On Tuesday, two Russian Su-27 Flanker jets collided with an unmanned US Reaper drone operating over the Black Sea.
And then just hours later, UK joined Germany in sending fighter jets to intercept a Russian aircraft in Estonian airspace.
The show of force saw the pair of British and German Typhoon jets react to a Russian air-to-air refuelling aircraft, after it failed to communicate with Estonian air traffic control.
US and Russian officials have conflicting accounts of the collision between the jets and the drone and have both blamed the other.
But a Pentagon spokesman raised the possibility that the Defense Department could eventually declassify and release video of the collision.
The Pentagon and US European Command said the Russian jets flew around and in front of the drone several times for 30 to 40 minutes and then one of the aircraft “struck the propeller of the MQ-9, causing US forces to have to bring the MQ-9 down in international waters”.
The Russian Defense Ministry said the US drone was flying near the Russian border and intruded into an area that was declared off-limits by authorities.
It claimed that “as a result of sharp manoeuvre, the US drone went into uncontrollable flight with a loss of altitude and collided with the water surface”.
Analysis by Chris Hughes, the Mirror's Defence Editor
The downing of a £32m US MQ-9 drone by Russian SU-27 fighters — followed so soon by a UK-German NATO interception of a Moscow warplane — is a big escalation.
It is impossible to separate the two as every muscle flex by the Kremlin is a test of western reaction times and the degree of severity of NATO’s response each time.
With every aerial confrontation, such as the frequent Russian long-range bomber approaches to UK airspace, there is always the possibility of an interception escalating.
As is often the case, the Russian refuelling plane failed to transpond to Estonia, endangering civilian aircraft and doing nothing to indicate a lack of hostile intent.
RAF and German Typhoons on a joint NATO mission being scrambled to intercept a Russian plane is a symbolic and significant shift — a gear change in NATO’s resolve.

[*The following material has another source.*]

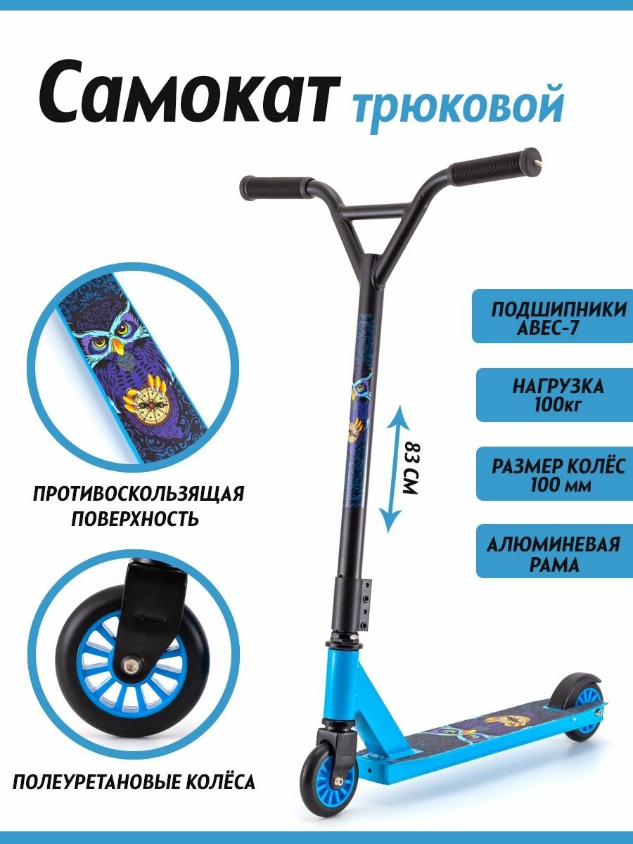 Самокат трюковой, с подшипником abec 7, пластиковые диски, синий информация:

It was NATO’s first air-policing mission in the region as the UK prepares to take the lead in protecting Estonia with its fast jet formations.
German and UK pilots flying on their first mission together may even prompt more ridiculous rhetoric from the Kremlin about European fascists threatening the Motherland.
This would not come as a surprise.
This GRU agency-promoted nonsense has become embedded in Russia ’s argument for the invasion of Ukraine and though spurious, the theory actually exists.
NATO jets and Russian warplanes have been playing this game of cat and mouse for years but there has always been, though minute, a danger of something going wrong.
As well as testing responses, it is also aimed at creating tension, putting countries on edge, and fabricating conflict out of nothing - a tactic to intimidate and unnerve perceived enemies.
One of the two Russian TU-27s actually colliding with the US unmanned spy plane forcing it to be brought down into the Black Sea is different.
The TU-27 is known for its amazing manoeuvrability so it was clearly deliberate.
It could have only been worse and more threatening if a manned plane had been forced to ditch after a collision with a Russian warplane, its pilot ejecting and landing in the Black Sea, prompting a search and rescue mission.
Russia has yet again demonstrated its determination to keep prodding NATO, to keep jabbing away to test the distance like a boxer - but this time the punch actually landed.
And behind the scenes, NATO commanders will be reviewing their response to the Russian threat and possibly escalating themselves.
Manned UK Rivet Joint spy planes patrol the skies above Ukraine and the Black Sea frequently.
They are there, along with the drones, to monitor Russian troops' movements and listen to communications.
But in future patrols it is possible NATO commanders will now have to escalate military protection of these patrols.
And this may take the West closer to a direct clash with the Kremlin.